Deux mois après la grâce présidentielle controversée accordée à l’ex-chef de la junte, le capitaine Moussa Dadis Camara, une délégation de la Cour pénale internationale (CPI) est en mission à Conakry. Comme chaque année, cette visite s’inscrit dans le cadre du suivi du procès du 28 septembre 2009, marqué par le massacre de plus de 150 civils et le viol de nombreuses femmes dans l’enceinte du stade de Dixinn, sous le régime militaire alors dirigé par Dadis Camara.
Condamné pour crimes contre l’humanité, l’ancien président de la transition avait bénéficié en mars dernier d’une grâce présidentielle pour des raisons de santé, une décision prise par le général Mamadi Doumbouya. Cette mesure, largement critiquée, confère un caractère particulièrement sensible à la présente mission de la CPI, notamment du point de vue des victimes et de leurs représentants.
Depuis l’ouverture du dossier par la CPI, l’institution a dépêché à plusieurs reprises des missions d’évaluation à Conakry afin de s’assurer de la bonne foi des autorités guinéennes dans leur engagement à faire justice. Le procureur Karim Khan avait lui-même assisté au lancement du procès en 2022, saluant alors un « moment historique », 13 ans après les faits.
Mais la grâce présidentielle, survenue moins d’un an après la condamnation de Moussa Dadis Camara, fragilise les engagements pris dans le mémorandum d’accord signé entre la Guinée et la CPI. En particulier, l’article 4 de ce document stipule que la Cour peut se saisir du dossier si des mesures compromettent sérieusement le déroulement des procédures judiciaires ou entravent le bon fonctionnement de la justice.

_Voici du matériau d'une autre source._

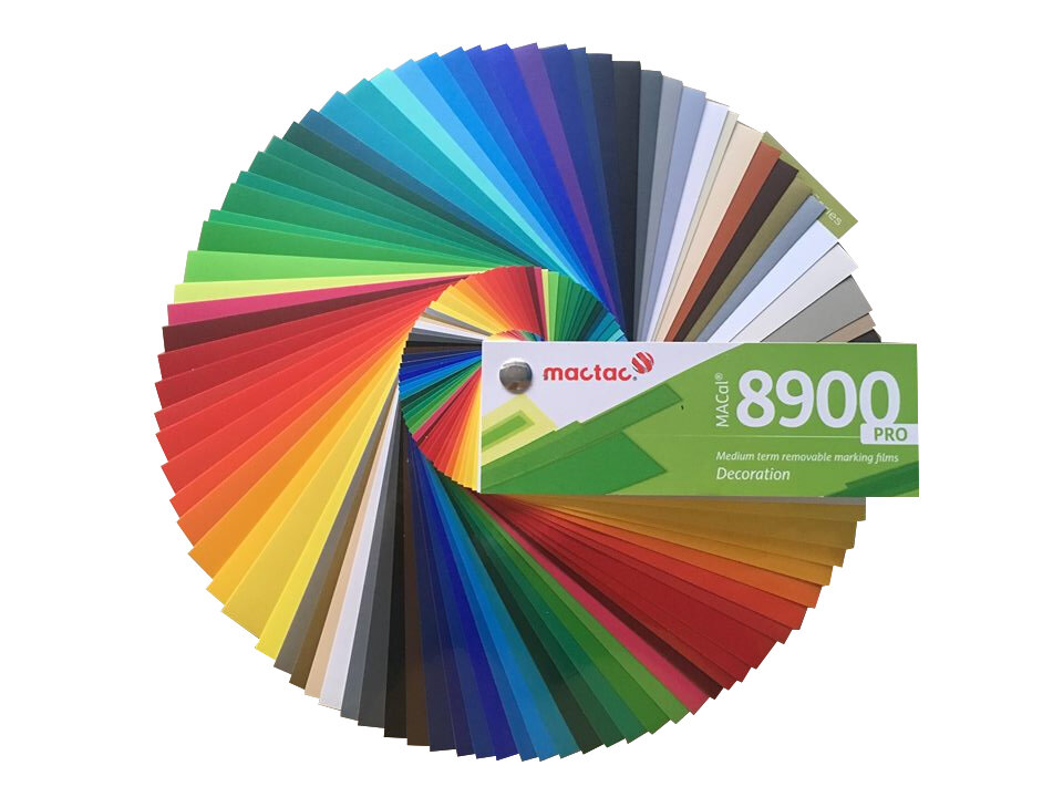 Der Farbfächer 8900 Pro von Mactac zeigt ein umfangreiches Sortiment an premium Folien in einem handlichen Fächer. Er bietet die Möglichkeit verschiedenste Originalmuster von Mactac auf einem Blick betrachten zu können. Die Auswahl des Kunden wird mit ihm vereinfacht und er dient als besondere Verkaufsunterstützung, da die Farben und Oberflächen der Folien genau betrachtet werden können.
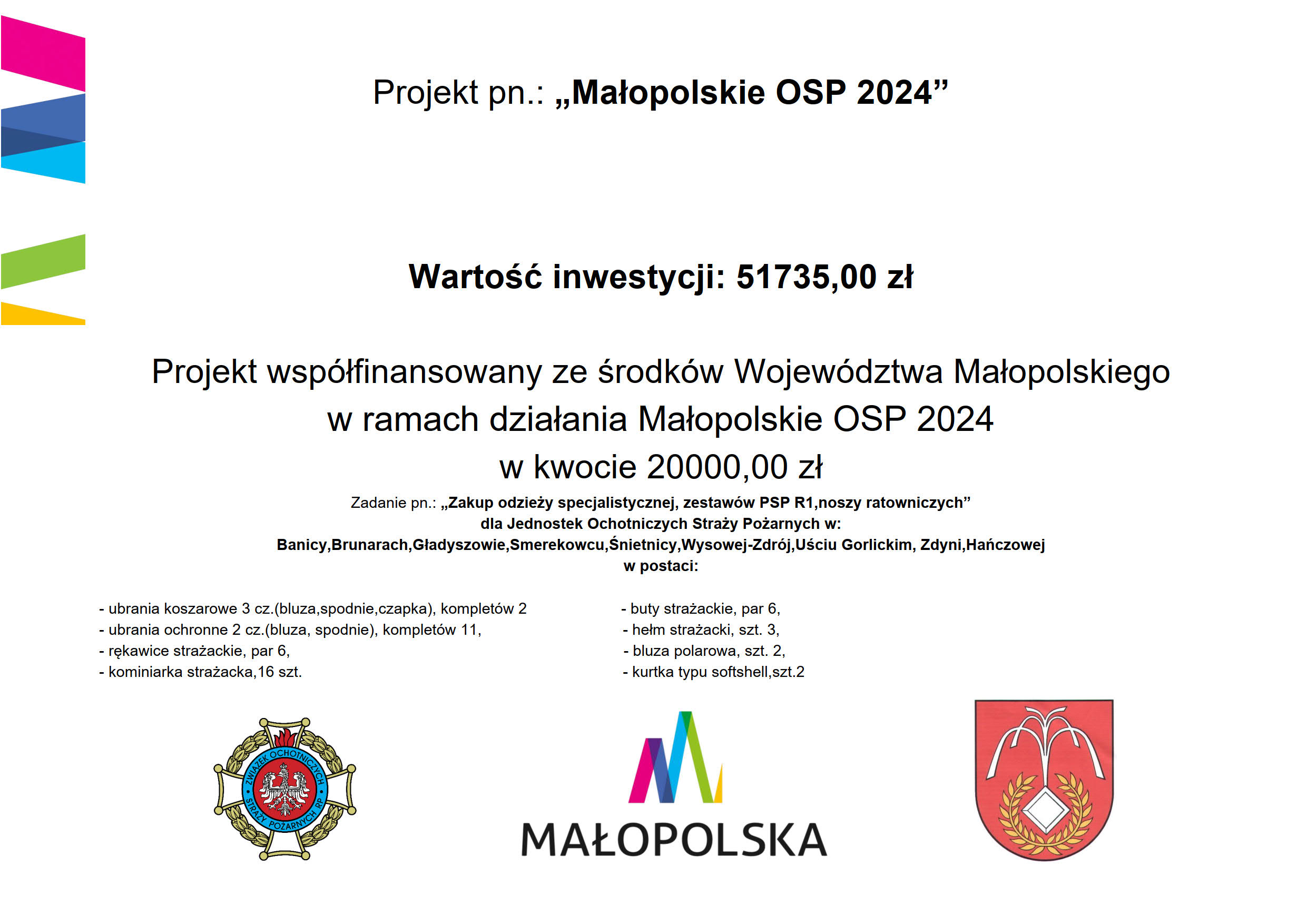 Zakup odzieży specjalistycznej, zestawów PSP R1,noszy ratowniczych” dla Jednostek Ochotniczych Straży Pożarnych w: Banicy,Brunarach,Gładyszowie,Smerekowcu,Śnietnicy,Wysowej-Zdrój,Uściu Gorlickim, Zdyni,Hańczowej

Vives critiques de la société civile
Cette grâce a été vivement dénoncée par plusieurs organisations de défense des droits humains. Alseny Sall, chargé de communication de l’Organisation guinéenne de défense des droits de l’homme (OGDH), a exprimé l’indignation des victimes :
« C’est un pouvoir discrétionnaire du président, certes, mais la grâce présidentielle est encadrée par des principes de droit. Elle ne peut intervenir qu’après une décision judiciaire définitive. Or, l’affaire était encore en attente de jugement en appel. Cette décision viole les règles élémentaires d’un procès équitable », déplore-t-il.
Par ailleurs, l’OGDH fustige le caractère sélectif de l’indemnisation décidée par les autorités : seules 334 victimes sont concernées, alors que près de 500 personnes s’étaient constituées parties civiles.
À l’heure où la délégation de la CPI mène ses consultations, les regards sont tournés vers l’évolution de ce dossier crucial pour la justice transitionnelle en Guinée.